Pig as Hadoop Connector, Part One: Pig, MongoDB and Node.js

This post was originally published on the Hortonworks blog.

Series Introduction

Apache Pig is a dataflow oriented, scripting interface to Hadoop. Pig enables you to manipulate data as tuples in simple pipelines without thinking about the complexities of MapReduce.

But Pig is more than that. Pig has emerged as the 'duct tape' of Big Data, enabling you to send data between distributed systems in a few lines of code.
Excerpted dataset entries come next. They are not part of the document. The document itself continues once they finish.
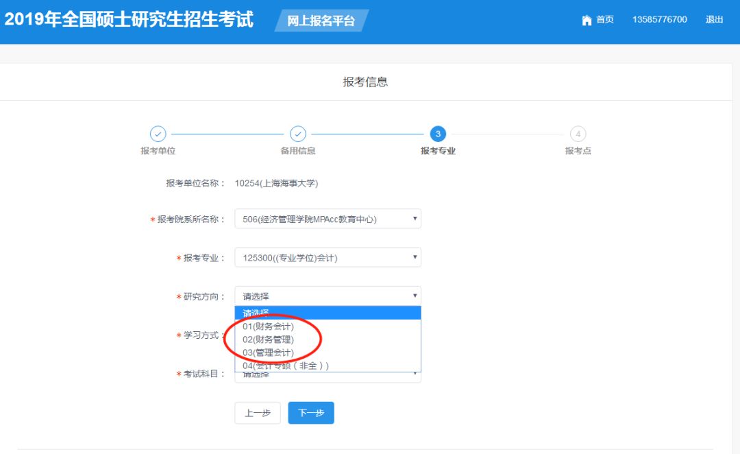 友情提醒:MPAcc全日制报考必须选填研究方向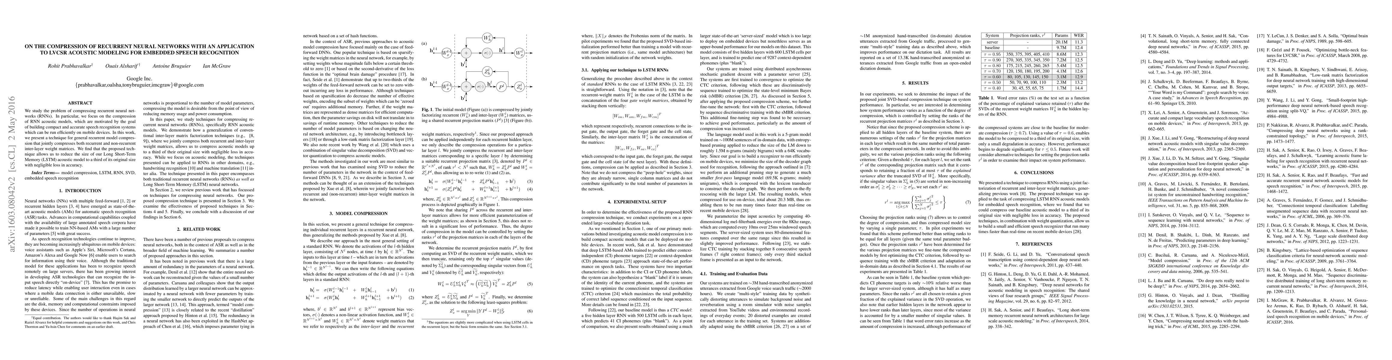 This paper proposes a technique for compressing recurrent neural networks, specifically focusing on RNN acoustic models for embedded speech recognition. The method successfully reduces the size of Long Short-Term Memory (LSTM) models by a third while maintaining accuracy, enabling efficient deployment on mobile devices.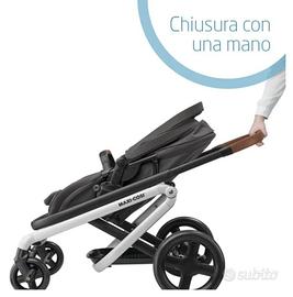 Praticità estrema: chiusura con una sola mano, maniglione regolabile in altezza, ruote smoothride a lunga durata con sospensioni, freno centralizzato, blocco automatico del telaio chiuso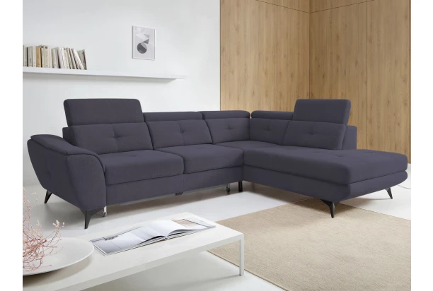 Rohová sedací souprava Sergio – spojení moderního vzdušného designu, příjemného pohodlí a praktických vlastností, které potěší každý den. Polohovatelné opěrky, úložný prostor pod otomanem i rozkládací funkci na lůžko oceníte. Očalouněna látkou v odstínu tmavě modrá se zvýšenou odolností proti vlhkosti. Sedačka s bočním otomanem vytváří pravý roh.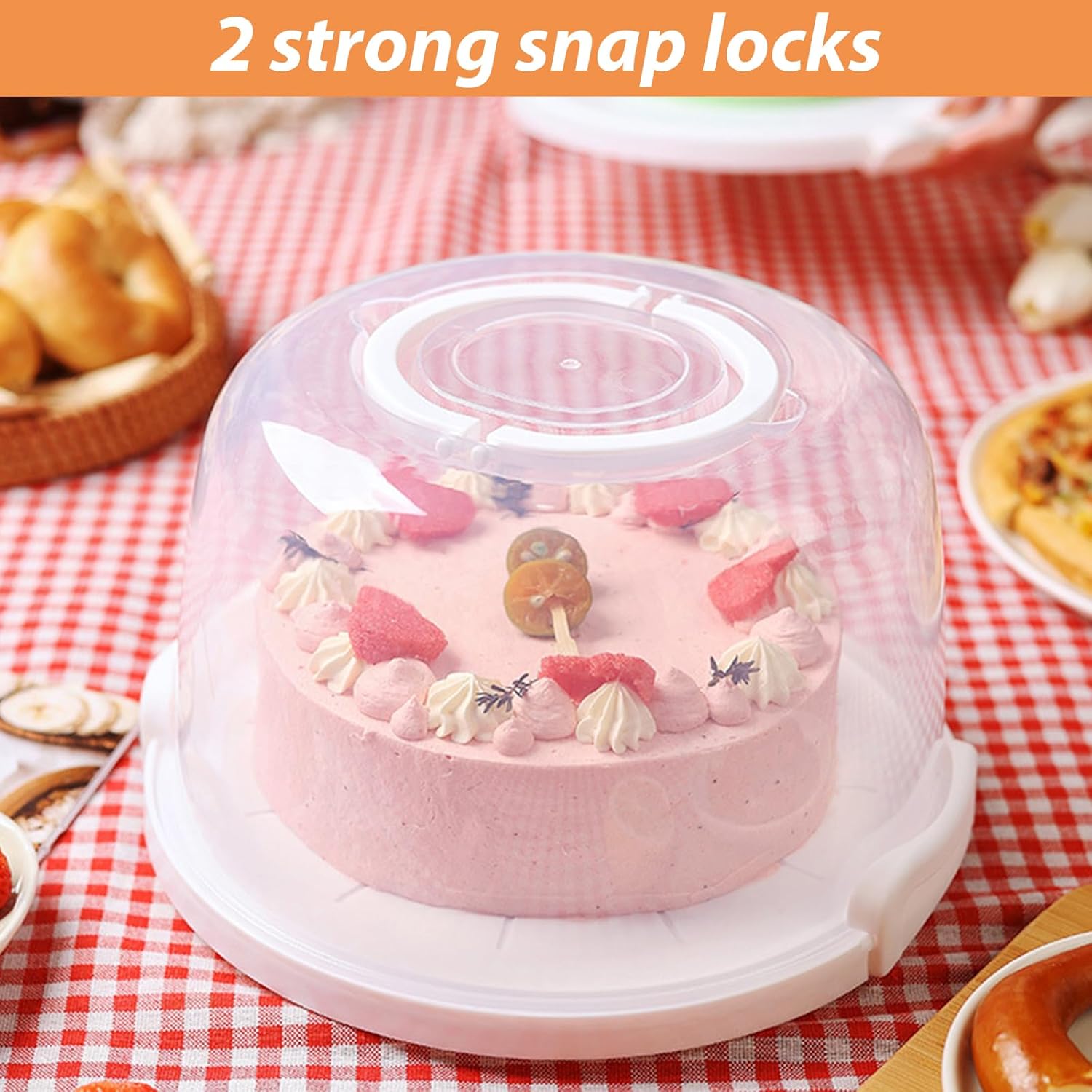 【Premium Cake Container】The round cake storage with lid and handle is made of food-grade PP material, long lasting service and easy to carry to anywhere and its seal prevent leakage or spills during transport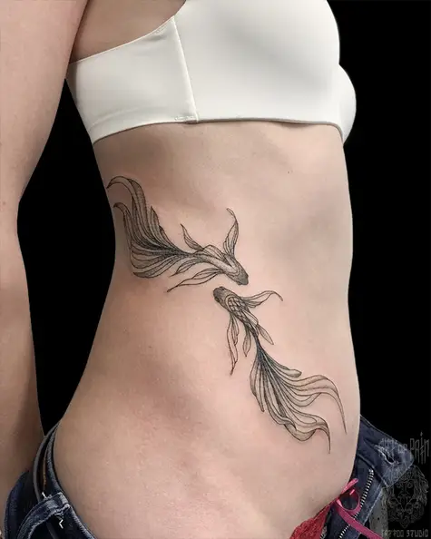 Татуировка женская графика на боку рыбы 6356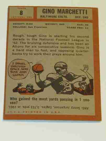 1962 Topps #8 Gino Marchetti - VG+/EX - BV $8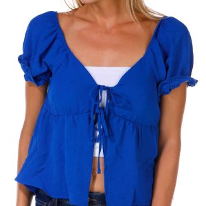 This juniors top adds a playful twist with short puff sleeves and a double tie front. The solid color keeps it versatile while padded cups offer light support. Crafted from woven fabric, it blends structure with softness for a flattering fit. Fabrication 100% polyester
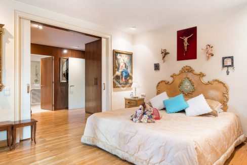La zona de noche consta de la gran suite principal que comunica con una salita y dos vestidores independientes, además de un gran baño, todo orientado a la calle Escoles Pies. A continuación, nos encontramos con un pasillo que nos conduce a dos suites y un despacho con aseo que se podría habilitar como otra suite con baño.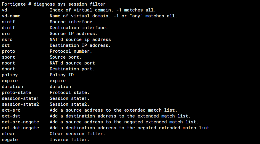 fortigate session clear 및 list 확인 방법 CLI 명령어를 통하여 fortigate의 총 session 수 확인 또는 session 요약 또는 상세보기 그리고 특정 session을 보거나 clear 하는 방법 확인해보기 get sys session status 해당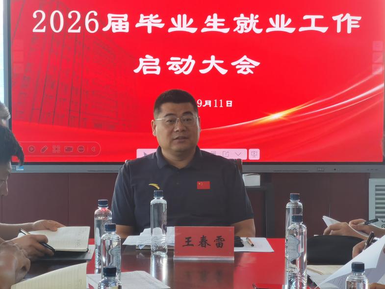 2025年9月11日上午,学校2026届毕业生就业工作启动会在崇德楼6楼会议室召开。校党委副书记王春雷出席会议并讲话。各二级学院、研究生院党总支书记、院长、招生就业处相关同志参会。会议由招生就业处处长刘景祥主持。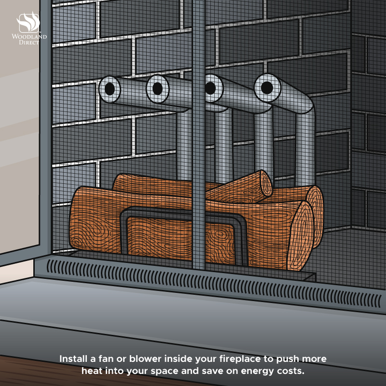Installing a fan or blower inside your wood burning fireplace pushes more heat into your home and distributes warmth evenly around the room, helping you save on energy costs.
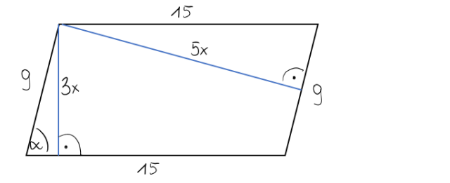 W tym zadaniu musisz obliczyć pole równoległoboku i jego wysokości wiedząc, że wysokości pozostają w stosunku 3 : 5, jeden bok jest o 6 dłuższy od drugiego, a sinus kąta ostrego równoległoboku jest równy .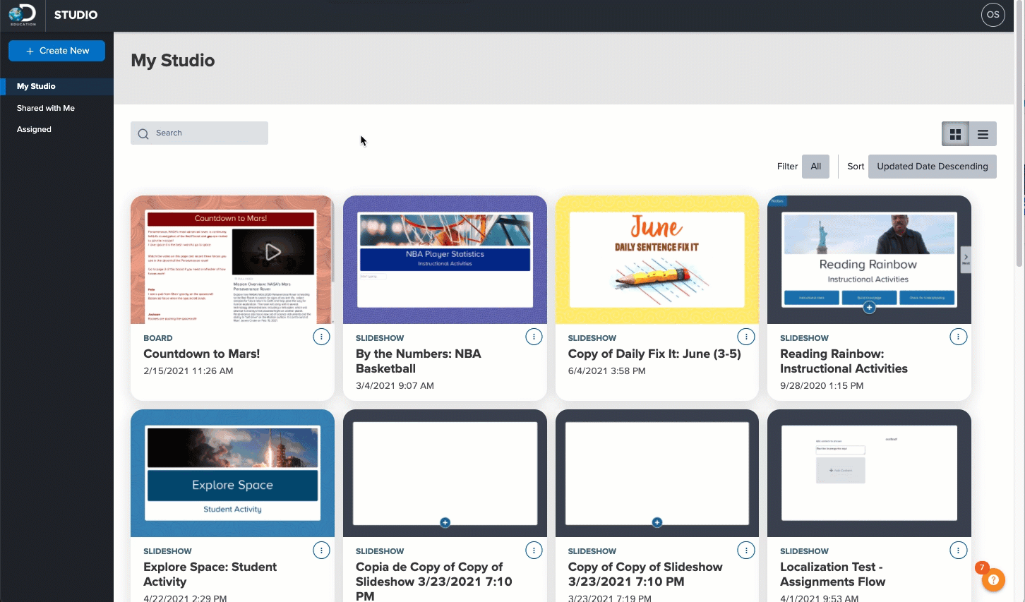 Open Studio through the Global Nav menu and select Create New and Activity Templates to browse through all the templates available.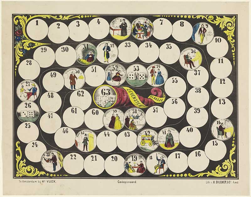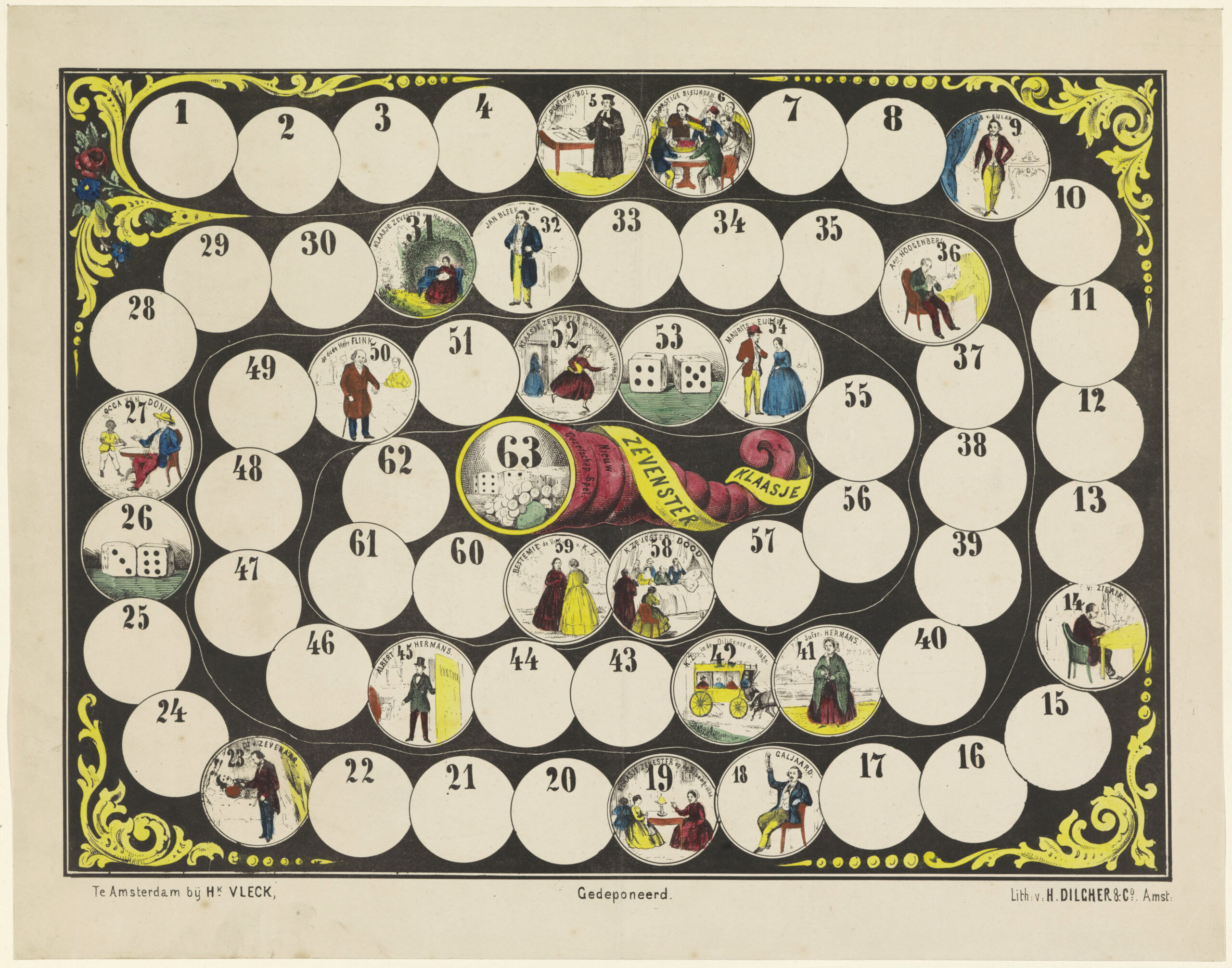 An illustrated board game with a spiral with compartments numbered 1 to 63, with figures from the novel ‘The fate of Klaasje Zewindow’ (1865-1866) by Jacob van Lennep.

In this series, we're going to show you how to use Hadoop and Pig to connect different distributed systems, to enable you to process data from wherever and to wherever you like.

Working code for this post as well as setup instructions for the tools we use are available at https://github.com/rjurney/enron-node-mongo and you can download the Enron emails we use in the example in Avro format here. You can run our example Pig scripts in local mode (without Hadoop) with the -x local flag: pig -x local. This enables new Hadoop users to try out Pig without a Hadoop cluster.


In this post we'll be using Hadoop, Pig, mongo-hadoop, MongoDB and Node.js to turn Avro records into a web service. We do so to illustrate Pig's ability to act as glue between distributed systems, and to show how easy it is to publish data from Hadoop to the web.

Pig and Avro

Pig's Avro support is solid in Pig 0.10.0. To use AvroStorage, we need only load piggbank.jar, and the jars for avro and json-simple. A shortcut to AvroStorage is convenient as well. Note that all paths are relative to your Pig install path. We load Avro support into Pig like so:

/* Load Avro jars and define shortcut */ register /me/pig/build/ivy/lib/Pig/avro-1.5.3.jar register /me/pig/build/ivy/lib/Pig/json-simple-1.1.jar register /me/pig/contrib/piggybank/java/piggybank.jar define AvroStorage org.apache.pig.piggybank.storage.avro.AvroStorage(); /* Shortcut */

MongoDB's Java Driver

To connect to MongoDB, we'll need the MongoDB Java Driver. You can download it here: https://github.com/mongodb/mongo-java-driver/downloads. We'll load this jar in our Pig script.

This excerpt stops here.